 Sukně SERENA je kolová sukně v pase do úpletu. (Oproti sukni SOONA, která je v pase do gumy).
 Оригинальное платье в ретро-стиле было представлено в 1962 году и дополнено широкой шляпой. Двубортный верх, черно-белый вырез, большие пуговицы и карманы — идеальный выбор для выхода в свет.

-------

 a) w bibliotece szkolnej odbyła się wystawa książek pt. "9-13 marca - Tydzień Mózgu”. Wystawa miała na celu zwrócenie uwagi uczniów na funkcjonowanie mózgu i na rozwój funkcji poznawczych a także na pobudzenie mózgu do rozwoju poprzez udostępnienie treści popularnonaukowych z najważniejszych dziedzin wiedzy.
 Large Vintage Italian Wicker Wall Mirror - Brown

-------

▸ WORK ORDER
The expected output is exactly the lines of the listing above between the line holding "Sukně SERENA je" and the line holding "Оригинальное платье в", inclusive.

▸ WRITTEN ANSWER
 Sukně SERENA je kolová sukně v pase do úpletu. (Oproti sukni SOONA, která je v pase do gumy).
 Оригинальное платье в ретро-стиле было представлено в 1962 году и дополнено широкой шляпой. Двубортный верх, черно-белый вырез, большие пуговицы и карманы — идеальный выбор для выхода в свет.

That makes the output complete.